In so far as they relates to creditor's statutory demands, the provisions of the Corporations Act 2001 (Cth) are construed by the courts particularly prescriptively.

On 5 June 2015, His Honour Justice Brereton delivered judgment in In the matter of Unity Resources Group Australia Pty Limited [2015] NSWSC 1174. This is another example of the technical application of these sections by the court.

The plaintiff, Unity Resources Group Australia Pty Ltd (Unity) had been served with a creditor's statutory demand by SV Partners Advisory (NSW) Pty Ltd (SV Partners). The creditor's statutory demand was dated 28 October 2014. The affidavit in support was sworn on 27 October 2014.

Unity applied to set aside the creditor's statutory demand on two bases: firstly, that there was genuine dispute as to the existence of the debt; and, secondly, that the affidavit was not contemporaneous with the demand, having been sworn one day before the date of the demand.

His Honour's judgment focused on the second basis propounded by Unity.

Section 459E(3) of the Corporations Act 2001 provides:

"(3) Unless the debt ... is a judgment debt, the demand must be accompanied by an affidavit that:

  1. verifies that the debt, or the total of the amounts of the debts, is due and payable by the company; and
  2. complies with the rules."

His Honour held that it is implicit in section 459E(3) that that the affidavit must refer to the alleged debt as at the date of the creditor's statutory demand. This reasoning is a new line of authority in New South Wales. Brereton J held that an affidavit in support of a creditor's statutory demand sworn one day before the date of the creditor's statutory demand is ineffective as it does not verify the existence of the debt as at the date of the demand:

"If an affidavit sworn one day early were held to be compliant, then what is there to distinguish that from one two days early, as was held non-compliant in Wildtown Holdings, or four days early, as was held non-compliant in Technology Licensing, other than some approach akin to the length of the chancellor's foot".

Two days before the hearing, SV Partners sought to cure the defect, presumably without admission, by serving an affidavit which deposed that the debt was due and payable as at the date of the creditor's statutory demand and remained so. His Honour held that the updating affidavit did not meet the requirement that the demand was accompanied by an affidavit that verified the debt.
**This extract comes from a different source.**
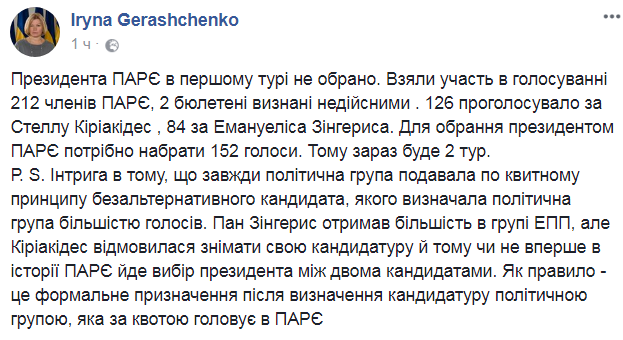Избрать нового президента Парламентской Ассамблеи Совета Европы (ПАСЕ) в первом туре не удалось. Лидерами голосования стали Стелла Кириакидес из Кипра и представитель Литвы Эмануэлис Зингерис. Об этом на Facebook-странице сообщила первый заместитель председателя Верховной Рады Ирина Геращенко.

His Honour noted, in obiter, that if an updating affidavit was served at the same time as the creditor's statutory demand, or within the 21 day period from compliance with the creditor's statutory demand, the uncompliant affidavit may not be a basis to set aside the creditor's statutory demand.

Similarly strict time frames apply for:

  • the filing and service of applications to set aside creditor's statutory demands. The courts do not have any discretion to extend the time for filing or service of such applications beyond the 21 days provided in the legislation.
  • the presumption of insolvency that arises by reason of a failure to respond a creditor's statutory demand. Wind up proceedings must be commenced with three months of the expiration of the time frame to respond to the statutory demand.